> Brief:
For every record beneath this instruction, give an exact repetition, omitting images.

== Material supplied

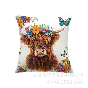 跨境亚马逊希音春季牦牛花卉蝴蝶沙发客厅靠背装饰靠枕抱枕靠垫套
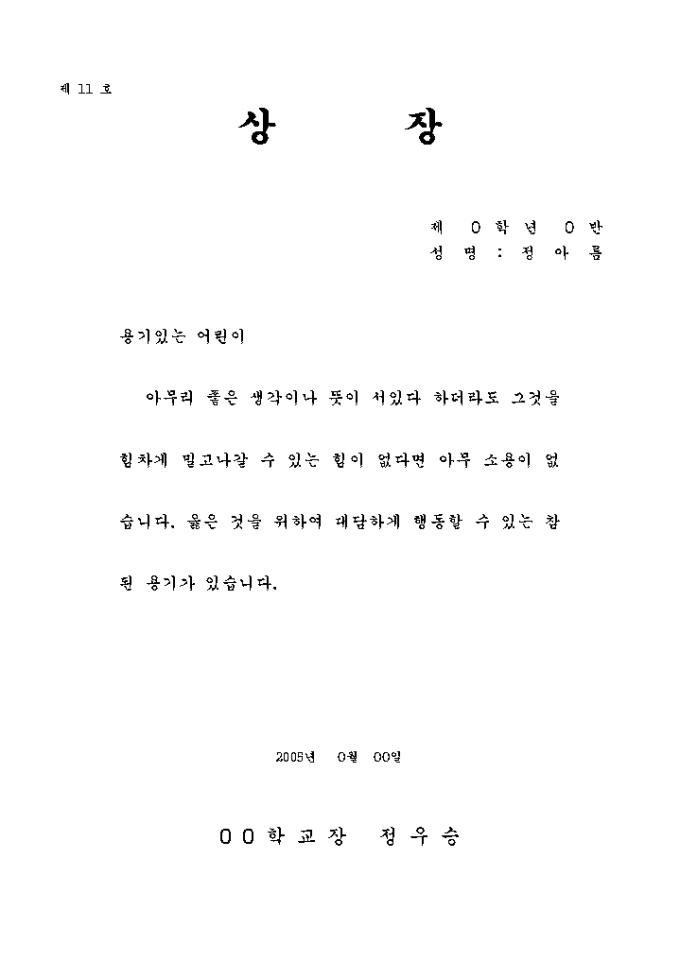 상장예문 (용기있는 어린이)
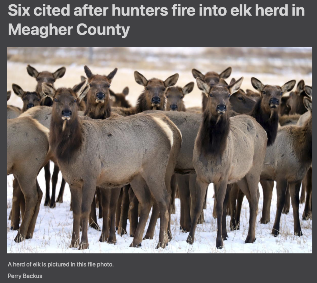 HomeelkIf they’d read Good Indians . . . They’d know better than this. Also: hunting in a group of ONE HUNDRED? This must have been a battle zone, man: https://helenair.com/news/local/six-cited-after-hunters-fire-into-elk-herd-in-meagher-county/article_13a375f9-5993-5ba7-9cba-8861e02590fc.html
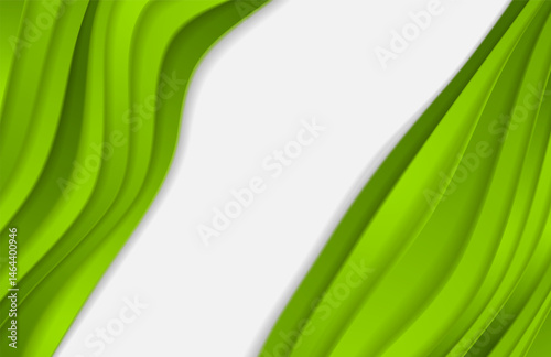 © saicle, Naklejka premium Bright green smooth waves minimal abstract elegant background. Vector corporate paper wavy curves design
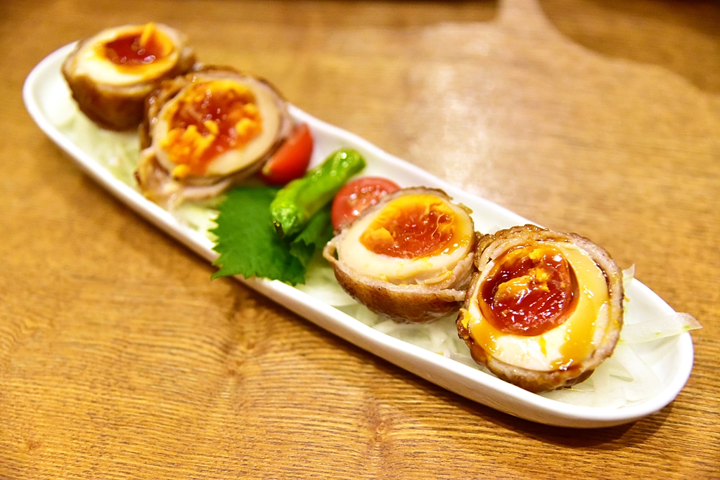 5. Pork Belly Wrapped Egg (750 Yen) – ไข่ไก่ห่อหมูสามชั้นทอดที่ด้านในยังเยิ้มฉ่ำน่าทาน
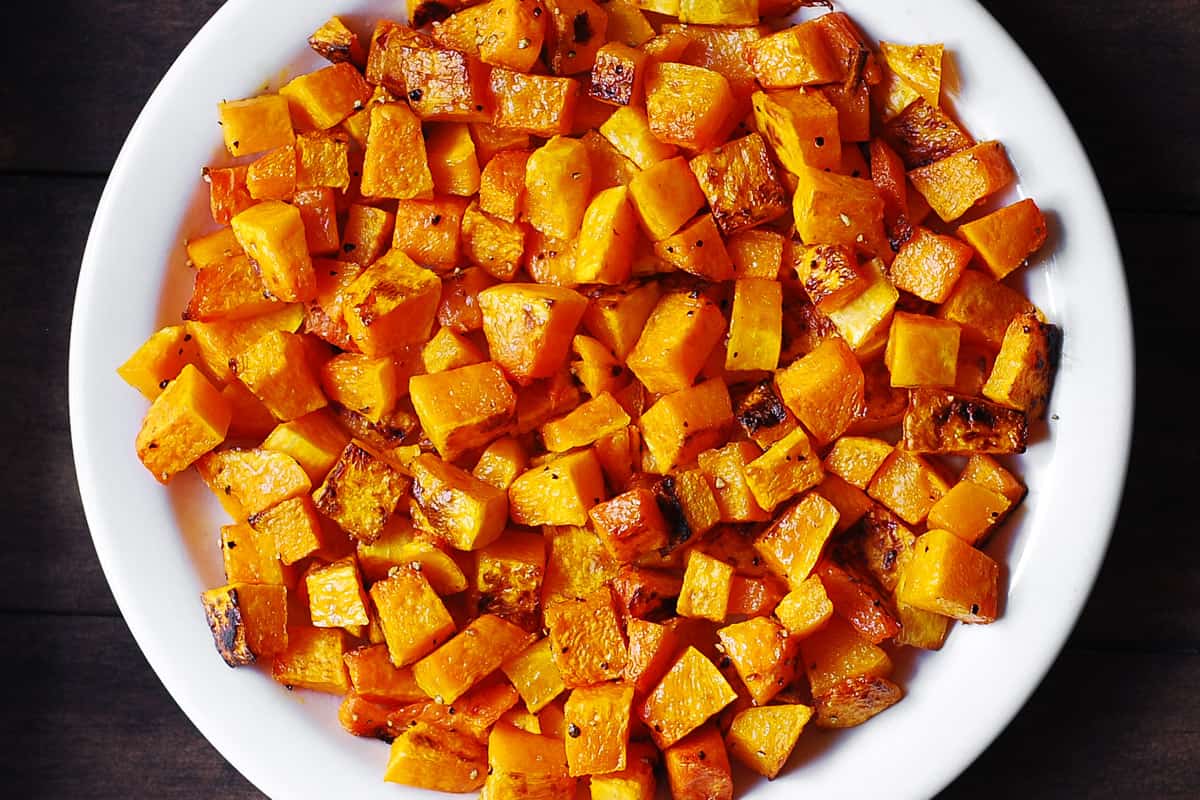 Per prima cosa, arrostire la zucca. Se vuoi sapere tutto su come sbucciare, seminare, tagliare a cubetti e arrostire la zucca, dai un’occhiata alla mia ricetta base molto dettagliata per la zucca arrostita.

====

> Solved exercise:
 跨境亚马逊希音春季牦牛花卉蝴蝶沙发客厅靠背装饰靠枕抱枕靠垫套
 상장예문 (용기있는 어린이)
 HomeelkIf they’d read Good Indians . . . They’d know better than this. Also: hunting in a group of ONE HUNDRED? This must have been a battle zone, man: https://helenair.com/news/local/six-cited-after-hunters-fire-into-elk-herd-in-meagher-county/article_13a375f9-5993-5ba7-9cba-8861e02590fc.html
 © saicle, Naklejka premium Bright green smooth waves minimal abstract elegant background. Vector corporate paper wavy curves design
 5. Pork Belly Wrapped Egg (750 Yen) – ไข่ไก่ห่อหมูสามชั้นทอดที่ด้านในยังเยิ้มฉ่ำน่าทาน
 Per prima cosa, arrostire la zucca. Se vuoi sapere tutto su come sbucciare, seminare, tagliare a cubetti e arrostire la zucca, dai un’occhiata alla mia ricetta base molto dettagliata per la zucca arrostita.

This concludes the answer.